▶ **Information provided**:
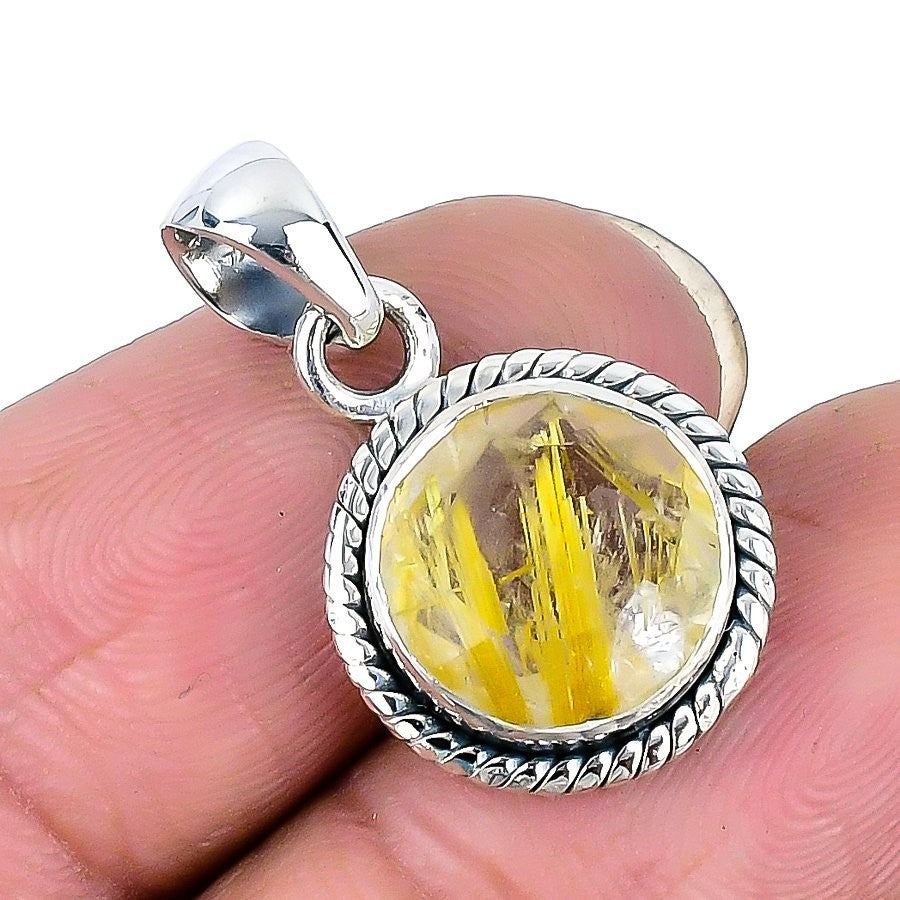 Natural Golden Rutile 925 Solid Silver Wedding Daughter Birthday Pendant Jewelry
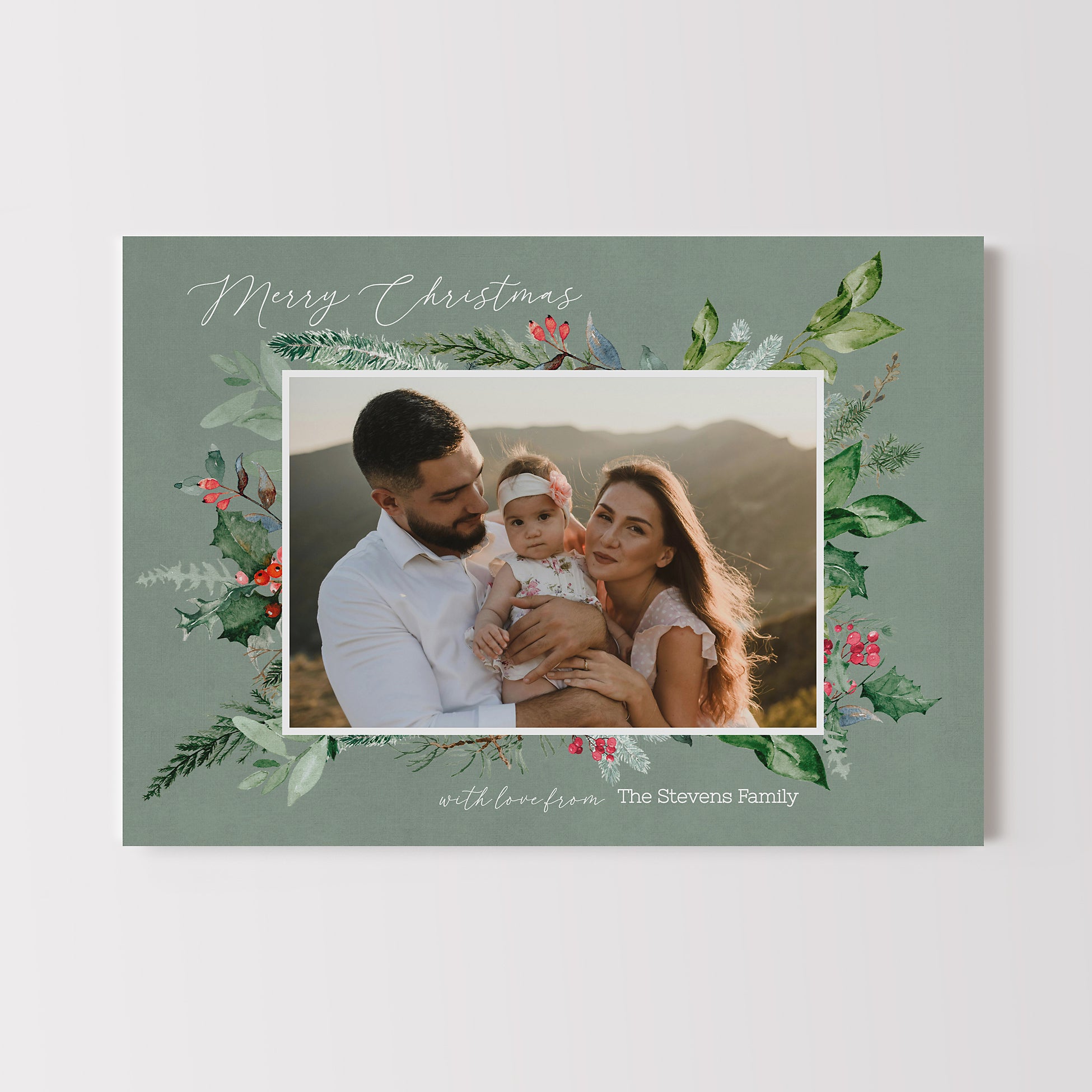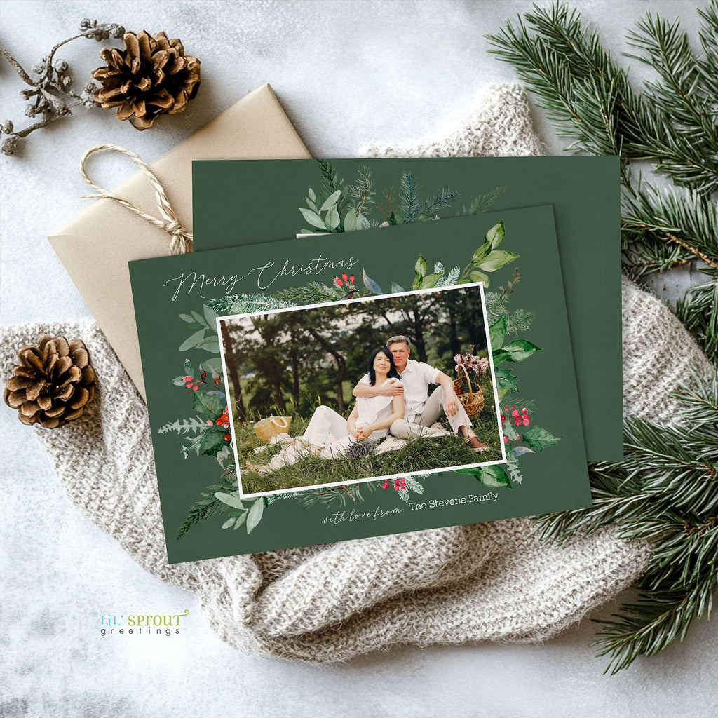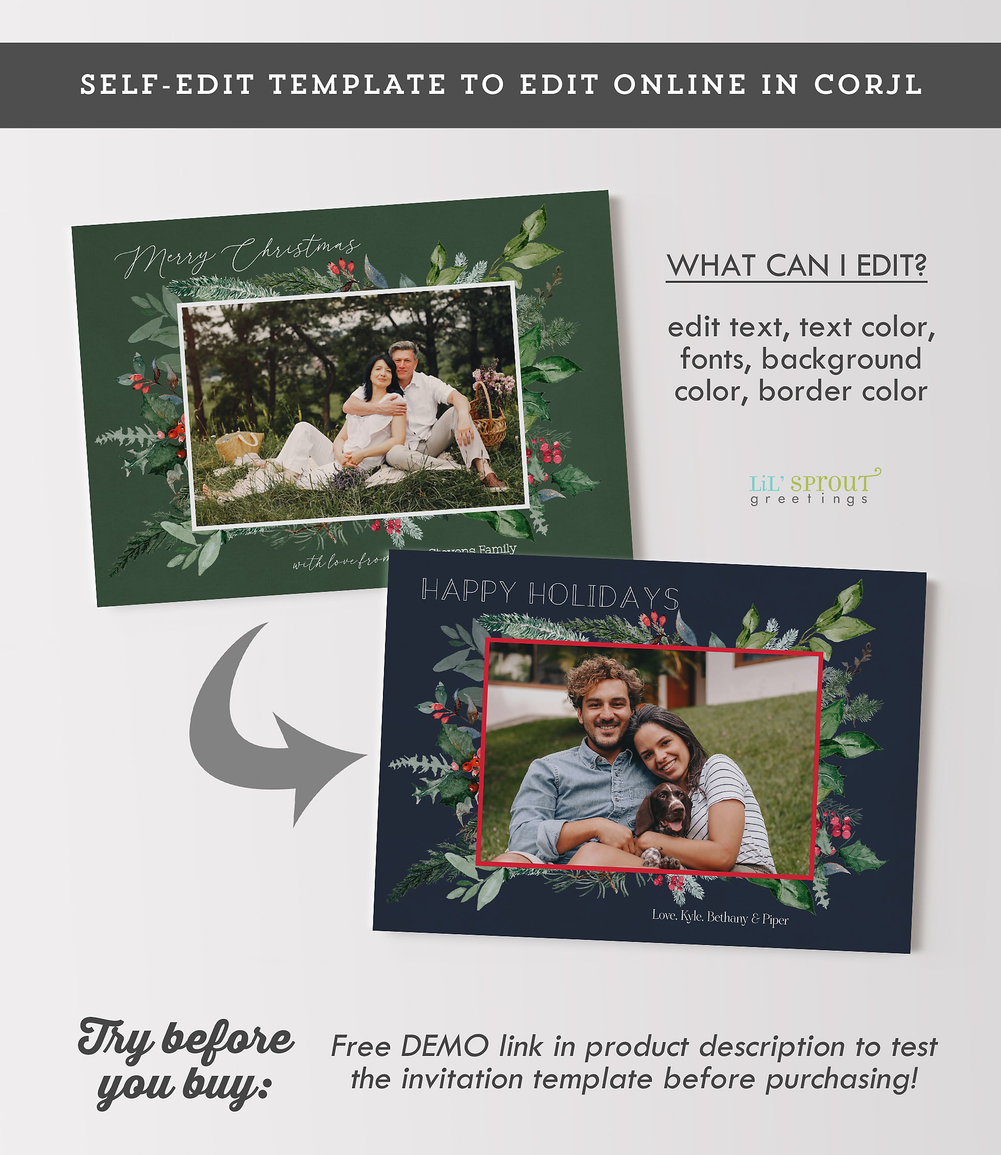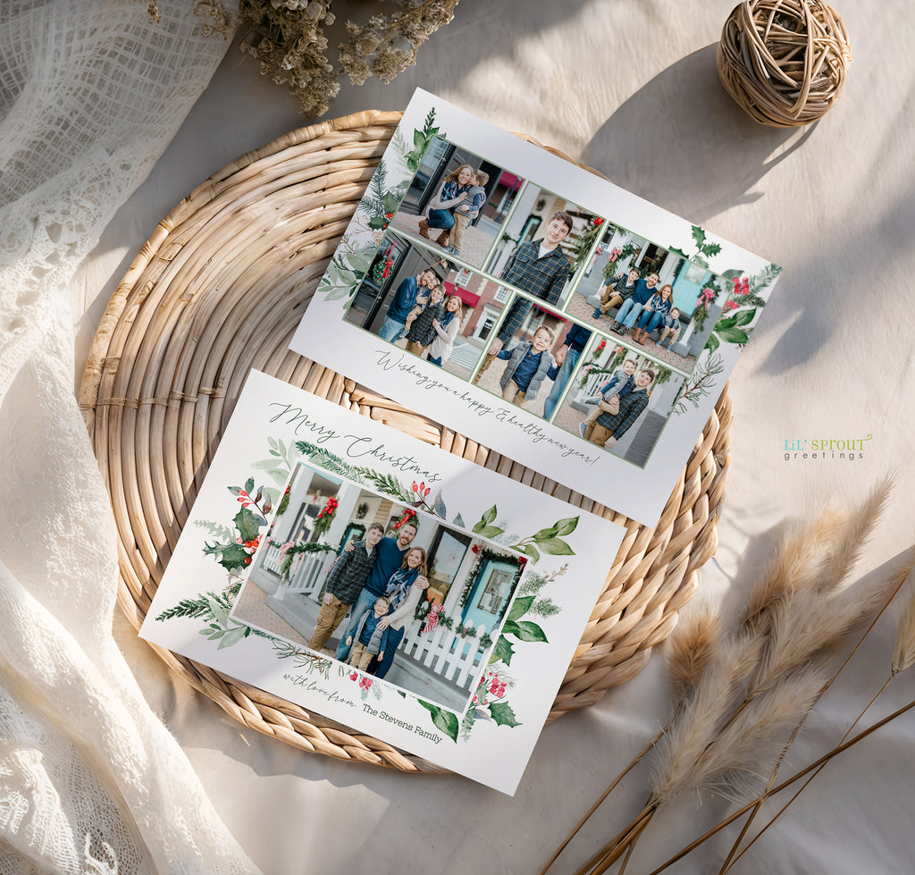 Holiday card featuring photos framed with winter greenery, including holly, berries and evergreen branches. Choose from one of our three color options or customize the background color when editing. Four back side layouts are included-- choose from a 1, 3, 4 or 6 photo design for the back side. If you prefer a single sided card then you only need to download and print the front.
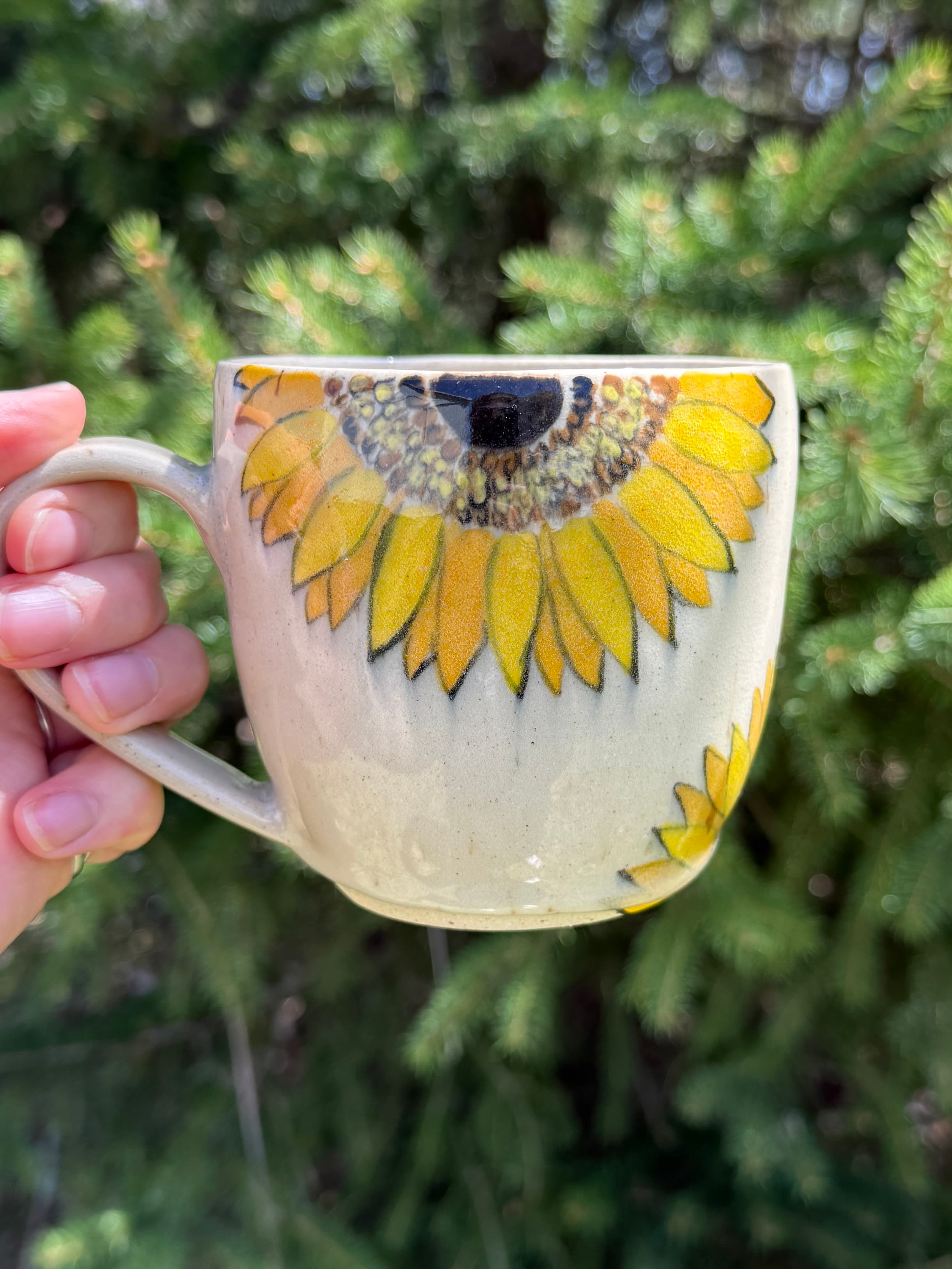 Handpainted sunflower mug on speckled stoneware. At nature school, my forest name is "Sunflower" - this is where the inspiration for these mugs came from.

▶ **Exercise**:
The result should be a transcript of the lines from the line containing "Holiday card featuring" through the end of the listing above, exact, inclusive, and without pictures.

▶ **Result**:
 Holiday card featuring photos framed with winter greenery, including holly, berries and evergreen branches. Choose from one of our three color options or customize the background color when editing. Four back side layouts are included-- choose from a 1, 3, 4 or 6 photo design for the back side. If you prefer a single sided card then you only need to download and print the front.
 Handpainted sunflower mug on speckled stoneware. At nature school, my forest name is "Sunflower" - this is where the inspiration for these mugs came from.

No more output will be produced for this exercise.